Norman Fegidero

Personal information
- Full name: Norman Salo Fegidero Jr.
- Date of birth: January 28, 1970 (age 56)
- Place of birth: Bacolod, Philippines
- Position: Midfielder

College career
- Years: Team / Apps / (Gls)
- West Negros University

Senior career*
- Years: Team / Apps / (Gls)
- –: Philippine Air Force

International career
- 1989–2001: Philippines / 29 / (6)

Managerial career
- 2008: Philippines
- 2011–2012: Pachanga
- –: La Salle
- 2022: Philippines U23
- 2022: ADT
- 2024–2025: Philippines U23
- 2024: Philippines (interim)
- 2024–2025: Philippines (assistant)

= Norman Fegidero =

Filipino association football manager and former player (born 1970)

Norman Salo Fegidero Jr. (born January 28, 1970) is a Filipino football manager and former player. He represented the Philippines national team from 1989 to 2001 and later became their coach in 2008.

==College career==
Fegidero played for the football team of West Negros University.

==Club career==
At the club level, Fegidero played for Philippine Air Force. He played for the team which won the 1997 Manila Premier Football League.

Fegidero was part of the National Capital Region (NCR) B team that won the 1999 P-League. The team won 8–4 over Davao with Fegidero among the goal scorers. The NCR-B team had Philippine Air Force and Navy players.

==International career==
For twelve years, from 1989 until 2001, Norman Fegidero played for the Philippines national team. The highlight of his career is when he was instrumental to the 1–0 upset against Malaysia at the 1991 Southeast Asian Games. He secured the winning goal in the 84th minute.

==Coaching career==
===Philippines===
Fegidero was the head coach of the Philippines national team in 2008. He led the team in the 2008 AFC Challenge Cup qualifiers hosted in Iloilo. The Philippines won games against Bhutan and Brunei but failed to qualify for the competition proper after drawing Tajikistan in their final game.

===Pachanga===
From 2011 until 2012 Fegidero coached Pachanga. Under his watch, the United Football League Division 2 club would be undefeated in the 2012 season and earn promotion to the first division for the 2013 season.

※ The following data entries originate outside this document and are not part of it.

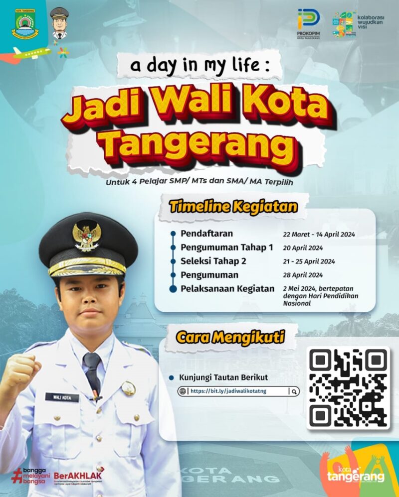 Pemerintah Kota (Pemkot) Tangerang mempersembahkan program istimewa “A Day in My Life” bagi para pelajar Kota Tangerang. Program tersebut akan digelar bertepatan dengan Hari Pendidikan Nasional (Hardiknas) yang jatuh pada 2 Mei 2024 mendatang.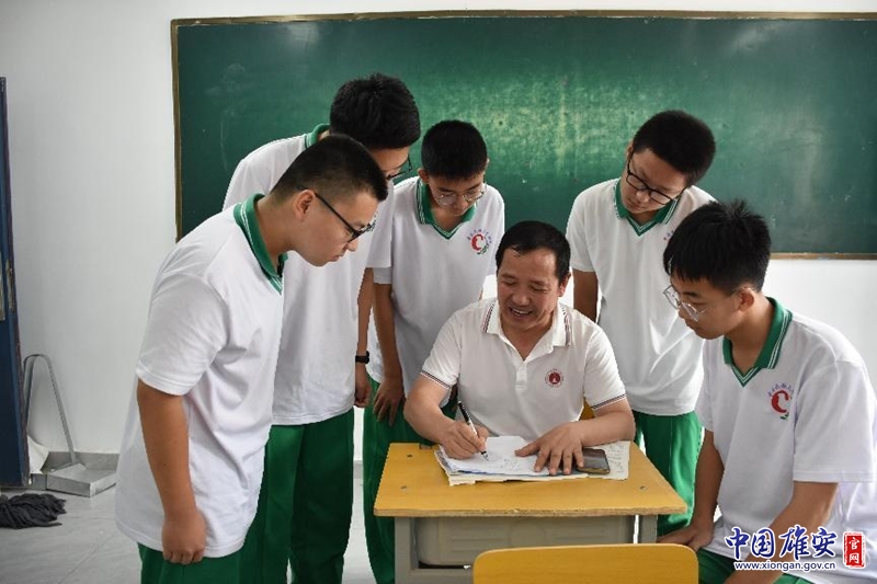 利用课间休息,蒋含丹为学生讲解难题。容城县委宣传部供图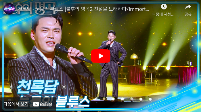 천록담이 불후의 명곡2에서 선보인 '눈물의 부르스' 무대는 많은 팬들의 마음을 울렸습니다. 이 곡은 원래 주현미 씨가 부른 곡으로, 감성적인 멜로디와 애절한 가사가 인상적인 트로트 부루스입니다.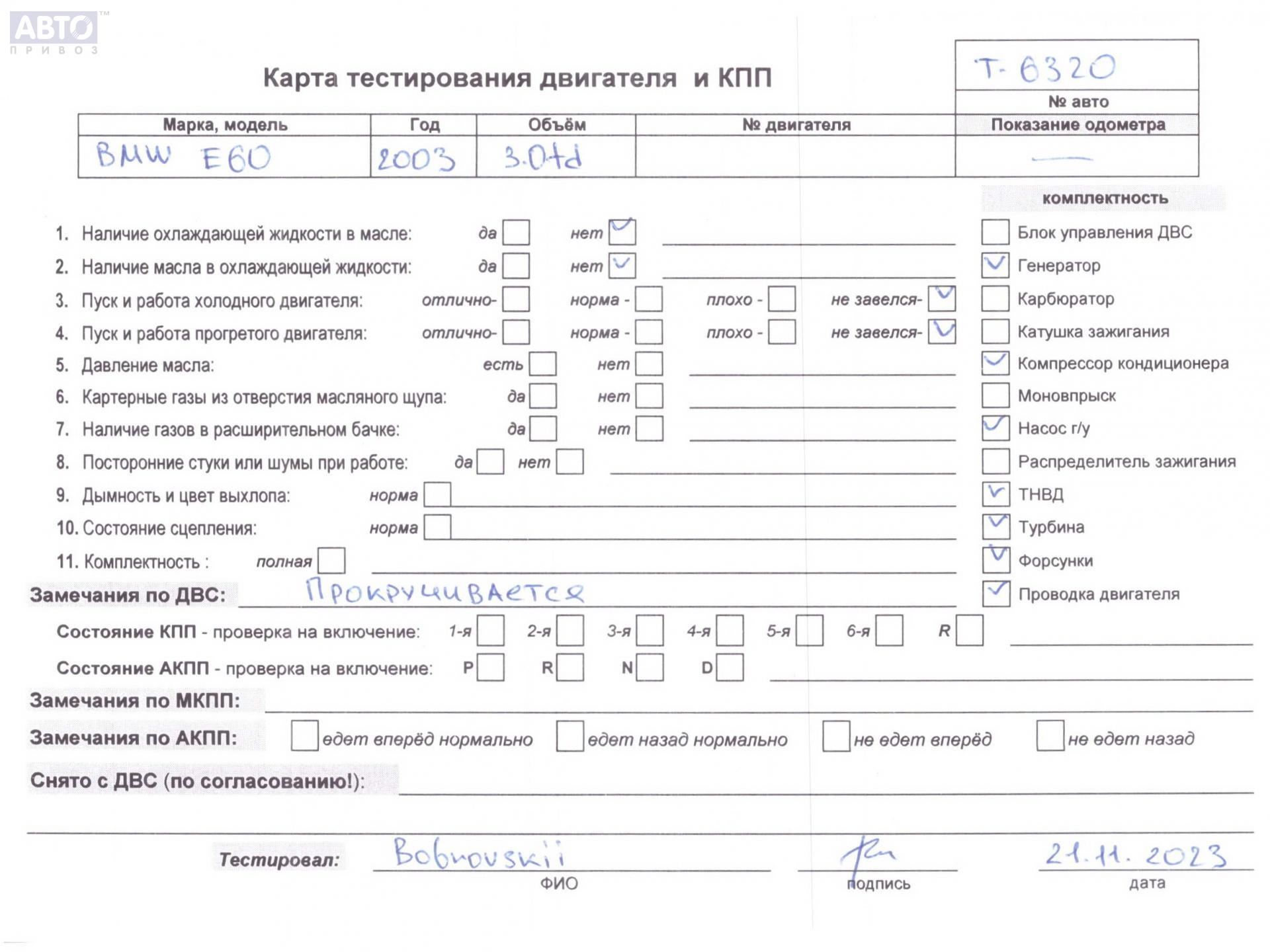 | Марка / Модель / Год: | BMW 5 E60/E61 (2003-2010) 2003 |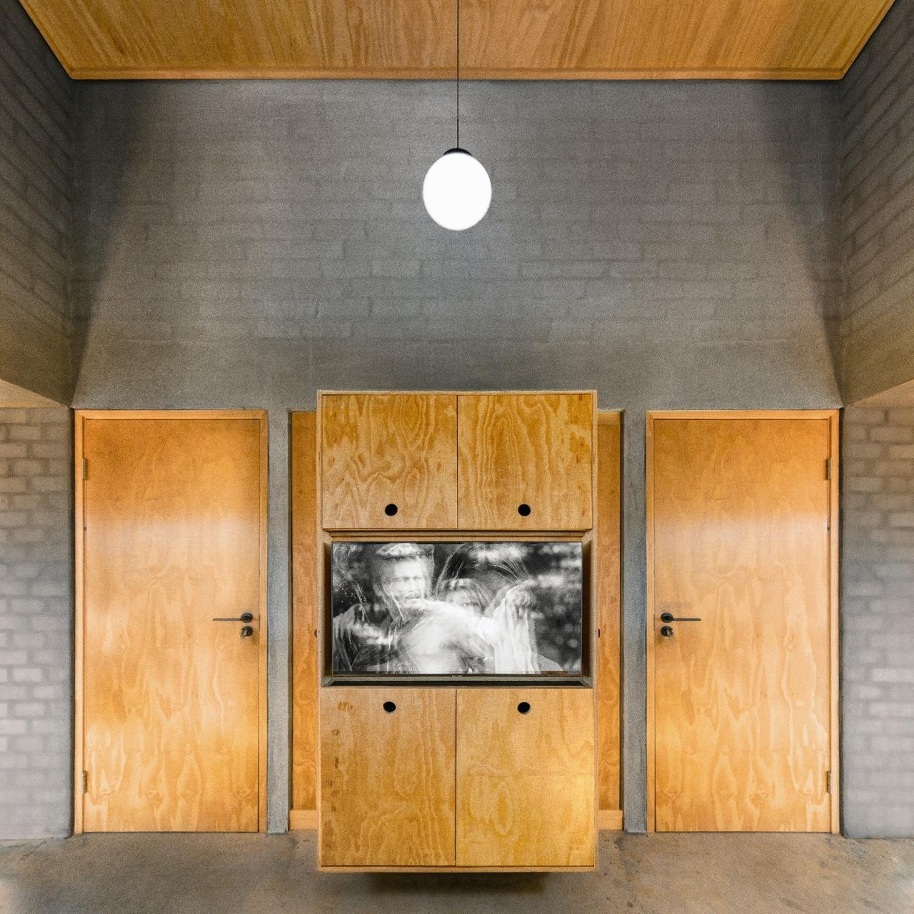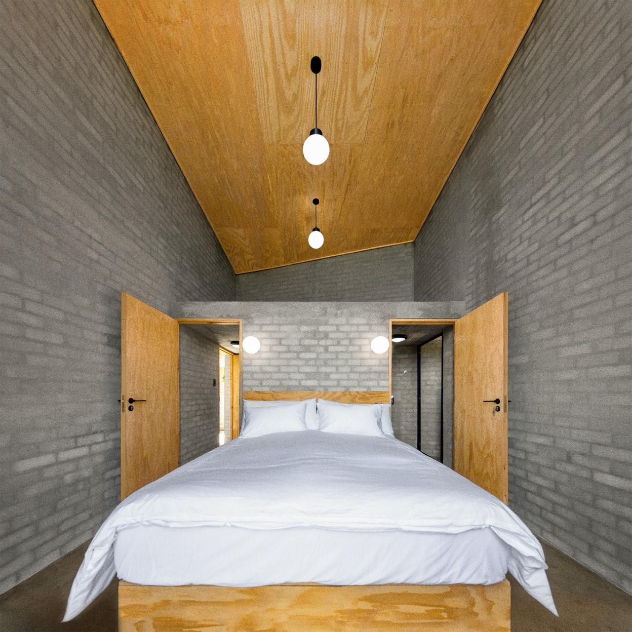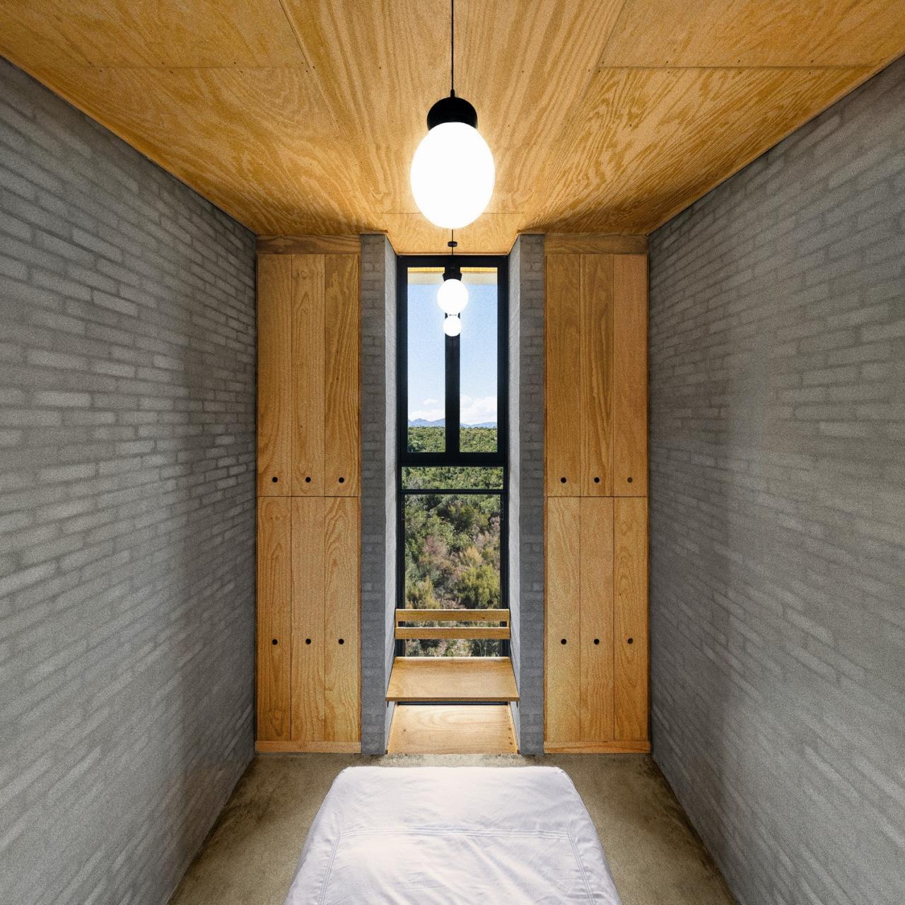 建筑材料—— 房子采用非常简单的材料建造,内外都用混凝土砖包裹,地板和檐口采用拆模混凝土。外门窗采用粉末涂层铝材制造,而所有家具、天花板和室内门则由当地胶合板制成。

===University of St. La Salle===
In December 2016, it was reported that Fegidero was serving as head coach of the under-21 team of La Salle.

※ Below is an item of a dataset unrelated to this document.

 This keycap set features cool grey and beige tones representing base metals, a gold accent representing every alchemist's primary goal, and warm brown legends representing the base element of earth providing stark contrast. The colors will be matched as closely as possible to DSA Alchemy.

===Philippines U23 and ADT===
In 2022, Fegidero was appointed head coach of the Philippines national U23 team which will compete at the 2021 Southeast Asian Games and the Azkals Development Team.

===Philippines (interim)===
Fegidero was brought in as an interim coach after Tom Saintfiet resigned shortly prior to the 2024 Merdeka Tournament.

==Career statistics==
Scores and results list the Philippines' goal tally first.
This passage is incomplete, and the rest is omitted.